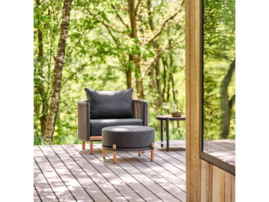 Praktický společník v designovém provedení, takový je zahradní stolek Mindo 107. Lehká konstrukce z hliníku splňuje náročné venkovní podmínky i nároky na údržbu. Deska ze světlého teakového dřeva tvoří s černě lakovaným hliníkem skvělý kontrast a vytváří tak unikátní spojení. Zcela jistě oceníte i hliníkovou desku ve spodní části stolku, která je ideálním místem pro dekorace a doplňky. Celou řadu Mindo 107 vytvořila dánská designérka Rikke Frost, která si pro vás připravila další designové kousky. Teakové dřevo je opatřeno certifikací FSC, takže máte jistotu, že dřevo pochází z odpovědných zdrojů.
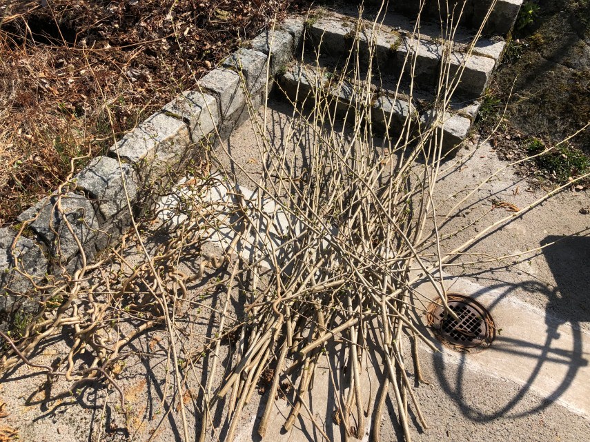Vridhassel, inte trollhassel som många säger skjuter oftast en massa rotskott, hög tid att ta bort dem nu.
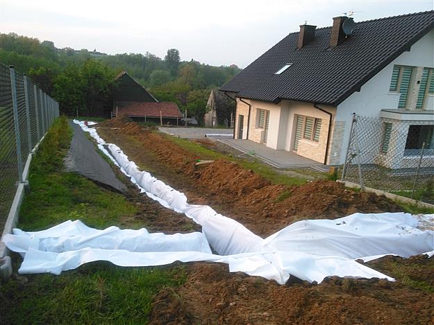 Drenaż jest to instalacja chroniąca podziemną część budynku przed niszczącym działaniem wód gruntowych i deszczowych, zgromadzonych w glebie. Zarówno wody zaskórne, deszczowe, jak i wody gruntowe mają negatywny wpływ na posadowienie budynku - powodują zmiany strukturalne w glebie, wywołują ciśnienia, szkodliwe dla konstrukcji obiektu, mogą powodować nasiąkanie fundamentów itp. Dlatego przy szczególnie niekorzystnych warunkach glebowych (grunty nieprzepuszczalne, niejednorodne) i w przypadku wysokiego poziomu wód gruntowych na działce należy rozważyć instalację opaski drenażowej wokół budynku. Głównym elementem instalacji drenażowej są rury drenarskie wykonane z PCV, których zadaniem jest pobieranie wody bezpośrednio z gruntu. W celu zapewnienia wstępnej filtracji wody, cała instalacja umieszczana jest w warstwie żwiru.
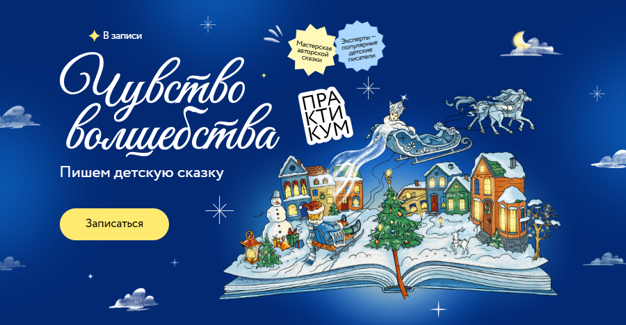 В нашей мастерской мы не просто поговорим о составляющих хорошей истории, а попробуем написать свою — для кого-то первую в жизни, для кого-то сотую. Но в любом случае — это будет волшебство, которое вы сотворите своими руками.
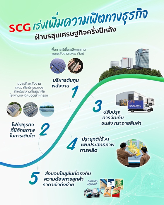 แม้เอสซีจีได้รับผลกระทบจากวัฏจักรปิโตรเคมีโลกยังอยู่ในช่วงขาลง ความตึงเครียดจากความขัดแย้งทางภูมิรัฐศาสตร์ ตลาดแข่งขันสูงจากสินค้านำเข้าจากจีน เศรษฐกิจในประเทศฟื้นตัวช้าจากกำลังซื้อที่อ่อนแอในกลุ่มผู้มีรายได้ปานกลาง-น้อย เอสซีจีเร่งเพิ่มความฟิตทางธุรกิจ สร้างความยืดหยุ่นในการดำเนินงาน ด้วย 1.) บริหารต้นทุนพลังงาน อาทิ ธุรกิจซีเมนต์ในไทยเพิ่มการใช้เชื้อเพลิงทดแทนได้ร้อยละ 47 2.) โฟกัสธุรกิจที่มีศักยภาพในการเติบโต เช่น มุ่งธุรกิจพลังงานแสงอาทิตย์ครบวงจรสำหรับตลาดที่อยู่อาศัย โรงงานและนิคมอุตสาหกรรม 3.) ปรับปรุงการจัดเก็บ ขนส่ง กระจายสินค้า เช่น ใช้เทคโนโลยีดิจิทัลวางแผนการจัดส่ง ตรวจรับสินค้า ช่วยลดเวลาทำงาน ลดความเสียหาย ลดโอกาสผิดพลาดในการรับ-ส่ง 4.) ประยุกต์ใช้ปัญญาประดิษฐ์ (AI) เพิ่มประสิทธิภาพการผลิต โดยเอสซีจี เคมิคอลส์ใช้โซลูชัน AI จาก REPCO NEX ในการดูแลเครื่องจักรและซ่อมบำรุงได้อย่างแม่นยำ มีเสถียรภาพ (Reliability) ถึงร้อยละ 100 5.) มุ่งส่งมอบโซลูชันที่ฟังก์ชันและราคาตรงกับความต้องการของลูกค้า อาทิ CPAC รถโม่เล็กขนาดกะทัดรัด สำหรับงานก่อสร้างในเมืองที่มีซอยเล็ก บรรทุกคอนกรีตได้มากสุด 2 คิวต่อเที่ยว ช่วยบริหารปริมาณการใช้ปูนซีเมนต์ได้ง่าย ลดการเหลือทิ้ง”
---
▶ To do:
Give back the full listing verbatim, skipping each picture.

▶ Reply to the exercise:
 Praktický společník v designovém provedení, takový je zahradní stolek Mindo 107. Lehká konstrukce z hliníku splňuje náročné venkovní podmínky i nároky na údržbu. Deska ze světlého teakového dřeva tvoří s černě lakovaným hliníkem skvělý kontrast a vytváří tak unikátní spojení. Zcela jistě oceníte i hliníkovou desku ve spodní části stolku, která je ideálním místem pro dekorace a doplňky. Celou řadu Mindo 107 vytvořila dánská designérka Rikke Frost, která si pro vás připravila další designové kousky. Teakové dřevo je opatřeno certifikací FSC, takže máte jistotu, že dřevo pochází z odpovědných zdrojů.
Vridhassel, inte trollhassel som många säger skjuter oftast en massa rotskott, hög tid att ta bort dem nu.
 Drenaż jest to instalacja chroniąca podziemną część budynku przed niszczącym działaniem wód gruntowych i deszczowych, zgromadzonych w glebie. Zarówno wody zaskórne, deszczowe, jak i wody gruntowe mają negatywny wpływ na posadowienie budynku - powodują zmiany strukturalne w glebie, wywołują ciśnienia, szkodliwe dla konstrukcji obiektu, mogą powodować nasiąkanie fundamentów itp. Dlatego przy szczególnie niekorzystnych warunkach glebowych (grunty nieprzepuszczalne, niejednorodne) i w przypadku wysokiego poziomu wód gruntowych na działce należy rozważyć instalację opaski drenażowej wokół budynku. Głównym elementem instalacji drenażowej są rury drenarskie wykonane z PCV, których zadaniem jest pobieranie wody bezpośrednio z gruntu. W celu zapewnienia wstępnej filtracji wody, cała instalacja umieszczana jest w warstwie żwiru.
 В нашей мастерской мы не просто поговорим о составляющих хорошей истории, а попробуем написать свою — для кого-то первую в жизни, для кого-то сотую. Но в любом случае — это будет волшебство, которое вы сотворите своими руками.
 แม้เอสซีจีได้รับผลกระทบจากวัฏจักรปิโตรเคมีโลกยังอยู่ในช่วงขาลง ความตึงเครียดจากความขัดแย้งทางภูมิรัฐศาสตร์ ตลาดแข่งขันสูงจากสินค้านำเข้าจากจีน เศรษฐกิจในประเทศฟื้นตัวช้าจากกำลังซื้อที่อ่อนแอในกลุ่มผู้มีรายได้ปานกลาง-น้อย เอสซีจีเร่งเพิ่มความฟิตทางธุรกิจ สร้างความยืดหยุ่นในการดำเนินงาน ด้วย 1.) บริหารต้นทุนพลังงาน อาทิ ธุรกิจซีเมนต์ในไทยเพิ่มการใช้เชื้อเพลิงทดแทนได้ร้อยละ 47 2.) โฟกัสธุรกิจที่มีศักยภาพในการเติบโต เช่น มุ่งธุรกิจพลังงานแสงอาทิตย์ครบวงจรสำหรับตลาดที่อยู่อาศัย โรงงานและนิคมอุตสาหกรรม 3.) ปรับปรุงการจัดเก็บ ขนส่ง กระจายสินค้า เช่น ใช้เทคโนโลยีดิจิทัลวางแผนการจัดส่ง ตรวจรับสินค้า ช่วยลดเวลาทำงาน ลดความเสียหาย ลดโอกาสผิดพลาดในการรับ-ส่ง 4.) ประยุกต์ใช้ปัญญาประดิษฐ์ (AI) เพิ่มประสิทธิภาพการผลิต โดยเอสซีจี เคมิคอลส์ใช้โซลูชัน AI จาก REPCO NEX ในการดูแลเครื่องจักรและซ่อมบำรุงได้อย่างแม่นยำ มีเสถียรภาพ (Reliability) ถึงร้อยละ 100 5.) มุ่งส่งมอบโซลูชันที่ฟังก์ชันและราคาตรงกับความต้องการของลูกค้า อาทิ CPAC รถโม่เล็กขนาดกะทัดรัด สำหรับงานก่อสร้างในเมืองที่มีซอยเล็ก บรรทุกคอนกรีตได้มากสุด 2 คิวต่อเที่ยว ช่วยบริหารปริมาณการใช้ปูนซีเมนต์ได้ง่าย ลดการเหลือทิ้ง”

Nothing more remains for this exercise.